17 years for tech stocks to recover from dot-com crash

19/07/2017

The dot-com bubble was 17 years ago, and after that many years, the S&P 500 information technology index finally recovered from the implosion.

The index .SPLRCT of over 60 of the U.S. largest technology companies rose 0.6 percent to close at a record high of 992.29, edging above its previous peak of 988.49, set on March 27, 2000. What this means, technology stocks is now higher than during the dotcom boom.

It was the ninth straight session of gains for the sector that has led the market in 2017 with a 22 percent rise, fueled by rallies in a handful of heavyweight technology companies, including Apple, Alphabet (Google), Facebook, Microsoft and Nvidia.

They have grown more valuable than most other public companies around the world.

The S&P 500 and NASDAQ also hit fresh all-time highs on as shares of Amazon and Adobe traded at highs not seen since their IPOs.

S&P 500

Tech stocks in the S&P 500 index trade at a price/earnings ratio of 18.4, according to FactSet, based on projected sector profits in the coming 12 months. That means tech is now trading at a 28 percent premium to tech companies' valuations over the past decade.

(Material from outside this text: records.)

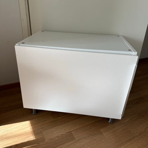 Hyväkuntoinen, toki käytetty stuva kaappi. Isompi käytöjälki ylälevyssä (kuva). Yläovet hiljentyvillä saranoilla. Hyvä lelujen säilytykseen esimerkiksi☺
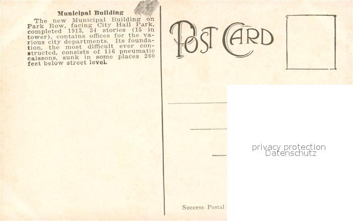 73588822 New York City Municipal Building Illustration postalisch nicht gelaufen Erhaltung siehe scans [FriedD77] KatCode: 14140340000000
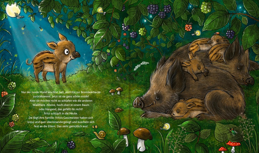 Obwohl Fritzi längst schlafen sollte, ist das kleine Wildschweinmädchen gar nicht müde. Und überhaupt ist es ja noch nicht mal richtig dunkel! Also krabbelt Fritzi aus der Brombeerhecke und tapst neugierig in den Wald. Auf ihrem Spaziergang bemerkt Fritzi, dass jedes Tier ganz unterschiedlich schläft: Das Reh legt sich alleine in eine Kuhle auf den Waldboden, der Specht gähnt hoch oben im Baum und die Fledermäuse schlummern kopfüber hängend. Das sieht aber nicht sehr gemütlich aus ... Als der Mond schon hell leuchtet, kehrt Fritzi zur Brombeerhecke zurück. Ihre Geschwister und Eltern liegen eng zusammengekuschelt auf dem weichen Moos. Das ist bestimmt bequem! Also schmiegt sich das kleine Wildschweinmädchen fest an seine Familie und ganz langsam fallen ihm die Augen zu. Gute Nacht, Fritzi!
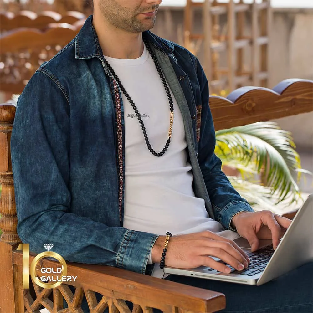 گردنبند سنگ مردانه با پلاک طلا طرح کارتیه کد MN702
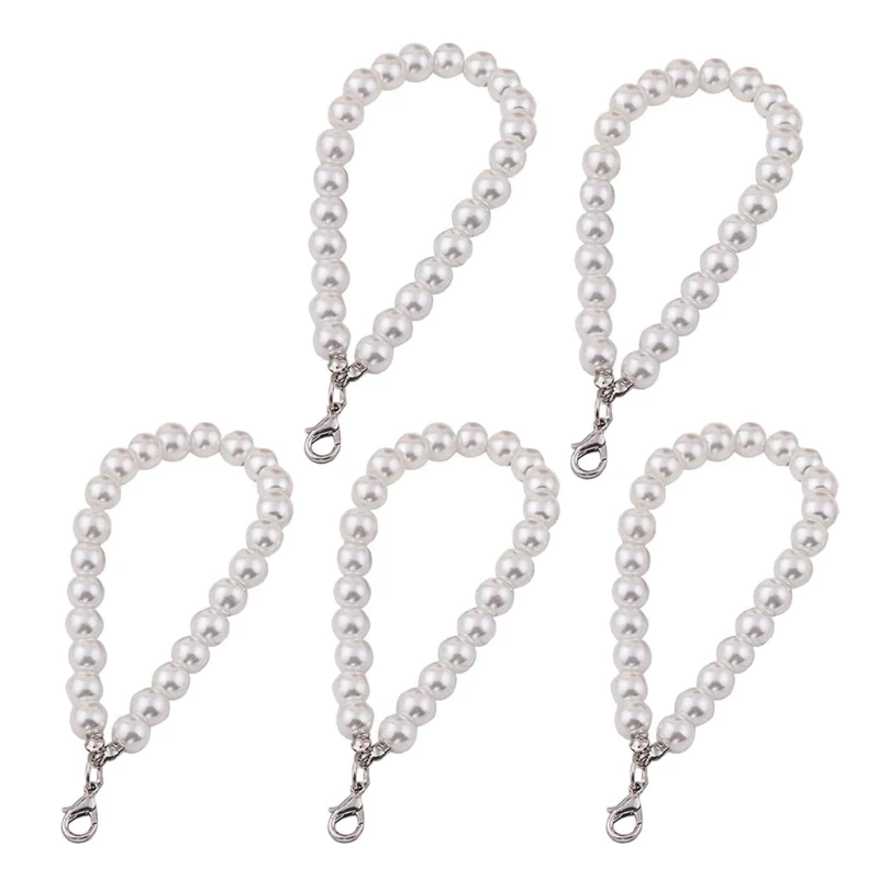 Ремешок на запястье с искусственным жемчугом 5 шт., цепочка для кошелька с белым жемчугом, ремешок на запястье, брелок, набор ремней для ключей с кошельком
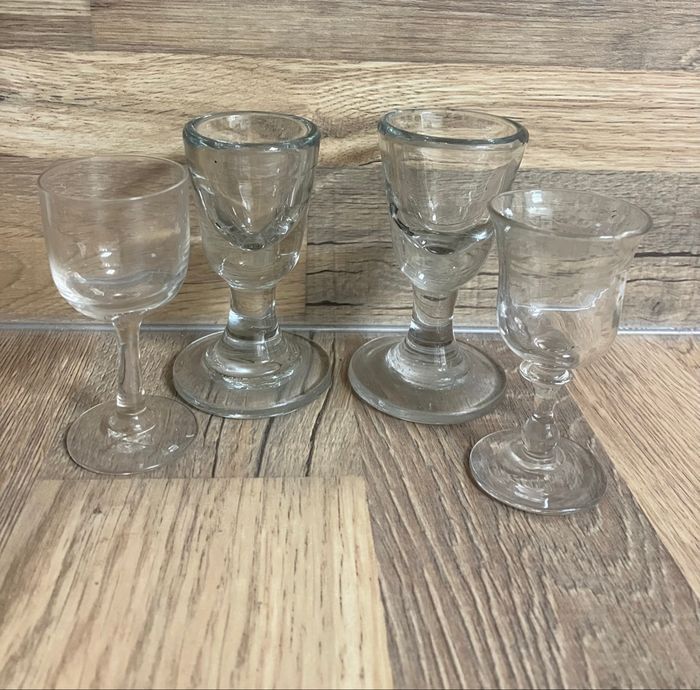 Ensemble de 4 jolis verres à liqueur anciens en bon état : pas de fêlure ni d’ébréchure.
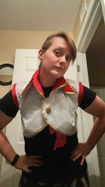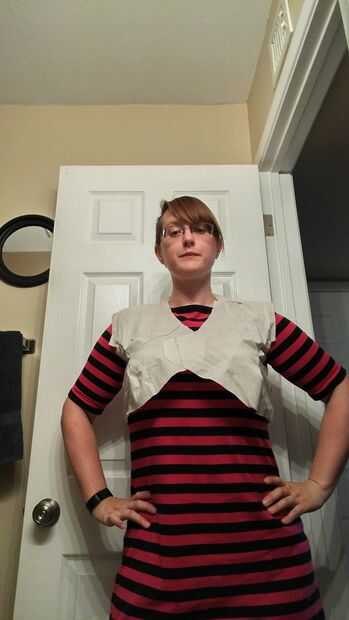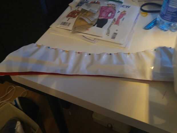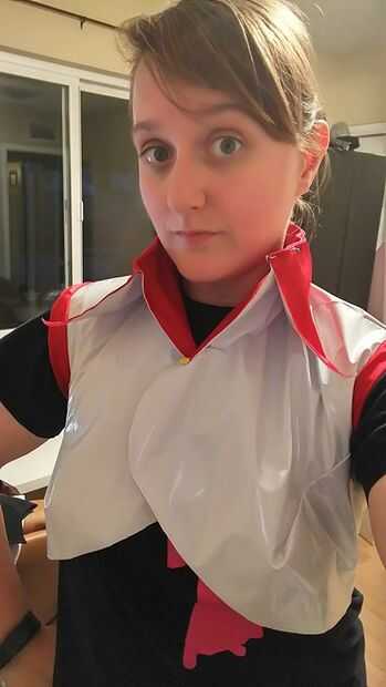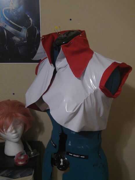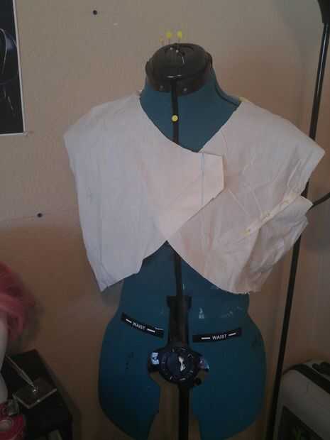 Me cubrió la maqueta juntos y descubrió necesitaba más largo en los lados, menos en la parte delantera y tenía que tomar más. Después de unos accesorios que pude conseguir el look adecuado. De allí cortar el entretela/forro (rojo porque sería dar la vuelta el cuello y los brazos tienen "mangas" imitación"que son de color rojo) luego usé la entretela para cortar la tela externa (hacer esto en el caso de mis cortes son sucios). He cosido el forro a la tela externa entonces cubrió y había probado el ajuste una vez más.
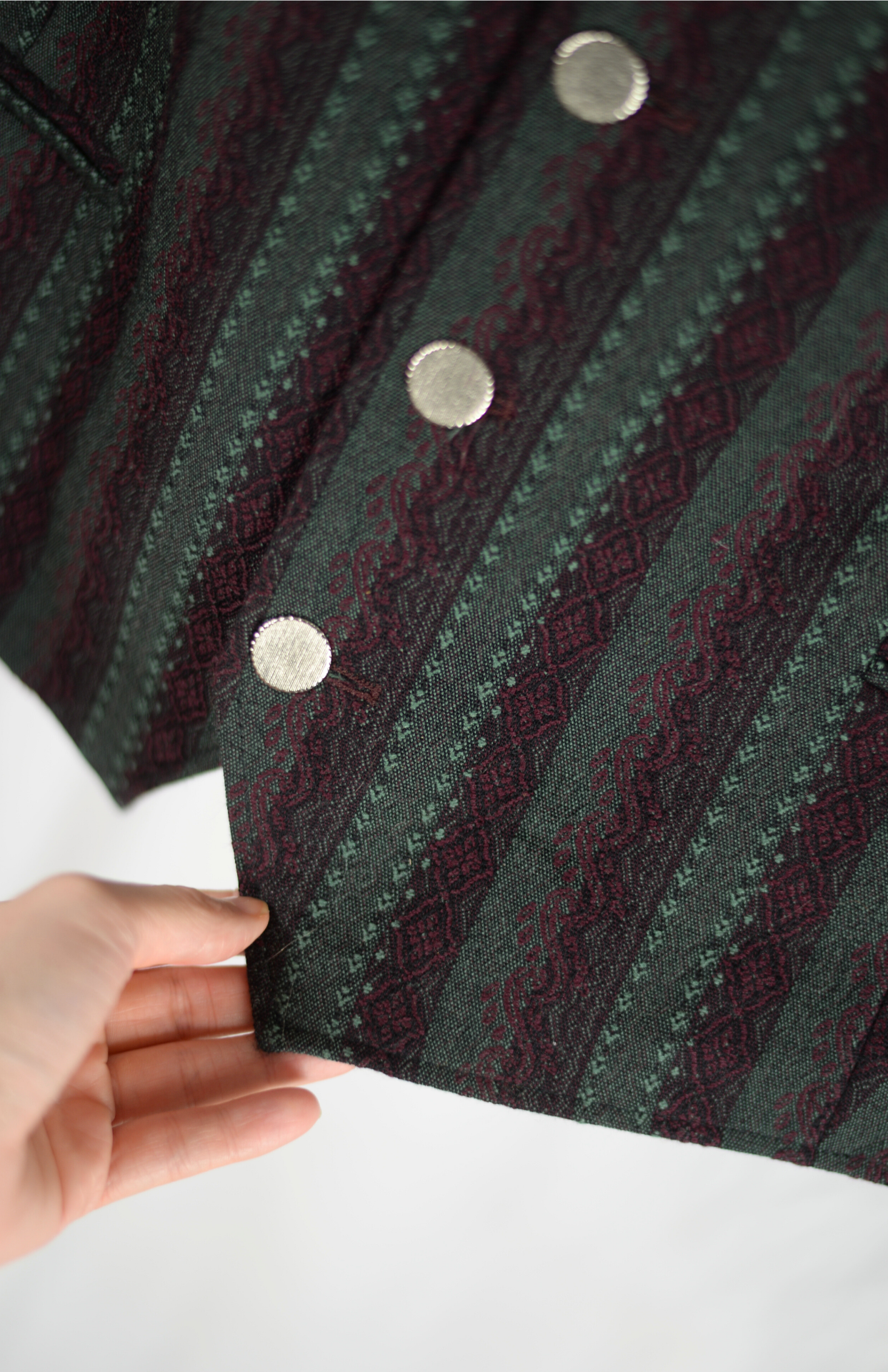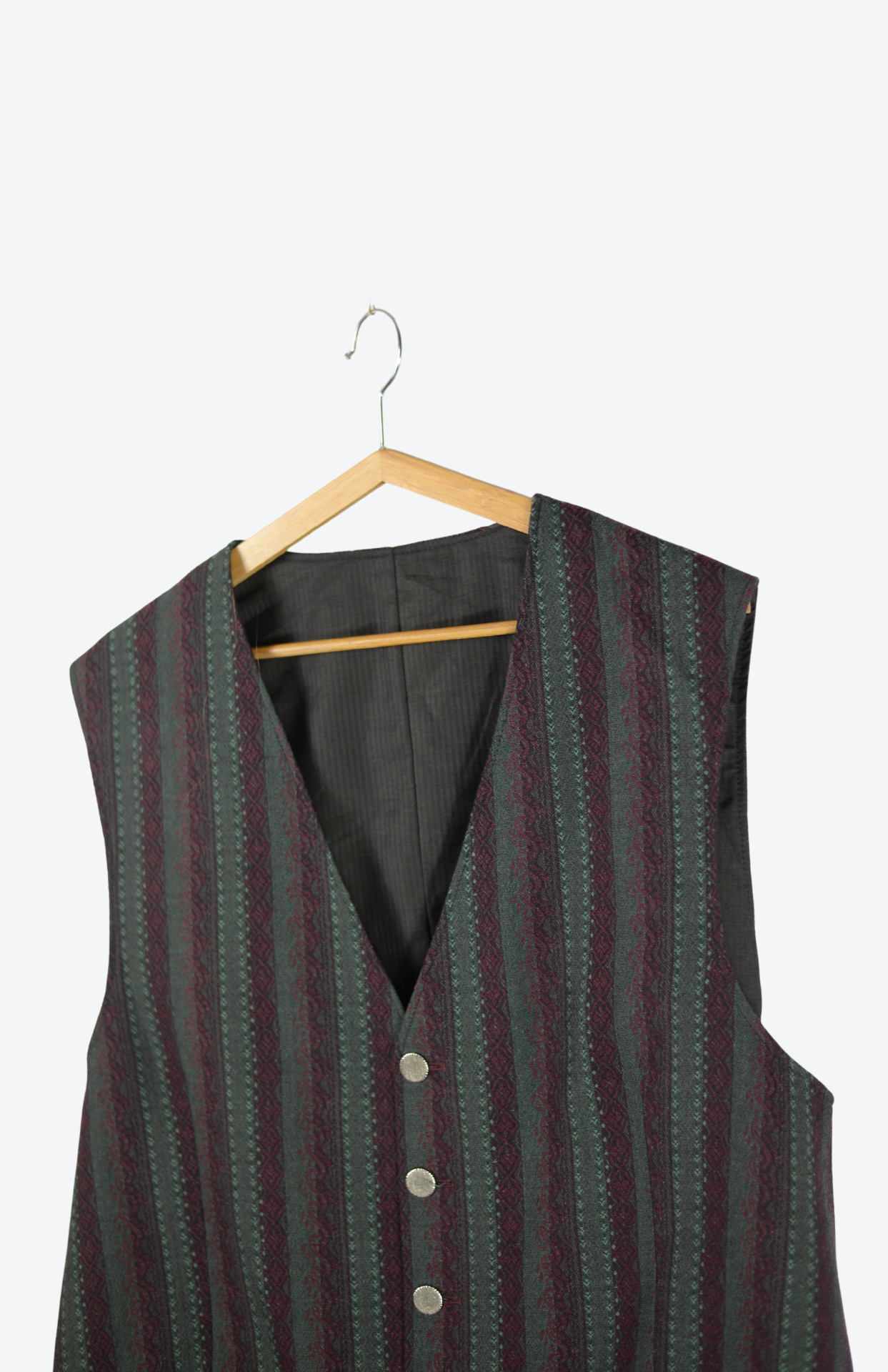 Vlněná vesta v tmavých decentních barvách a s kovovými knoflíky. Má jemný žakárový vzor a proužky. Vzor je na obou stranách. Po stranách mělké kapsy.

In the 17 intervening years, tech shares had lost as much as 80 percent of their value before beginning the slow ascent back to the top of the market. That slow recovery highlights how long it can take stocks to come back from investors and bubbles like the tech bubble, which burst in 2000, or the housing bubble that began to burst in 2007.

The S&P 500 tech index in June traded as high as 19 times expected earnings, its highest since the 2007 before the U.S. financial crisis. But even as it hit a record high on Wednesday, the S&P 500 information technology index is cheaper compared to the dot-com era. At the index's previous peak in 2000, its valuation was equal to 48 times expected earnings.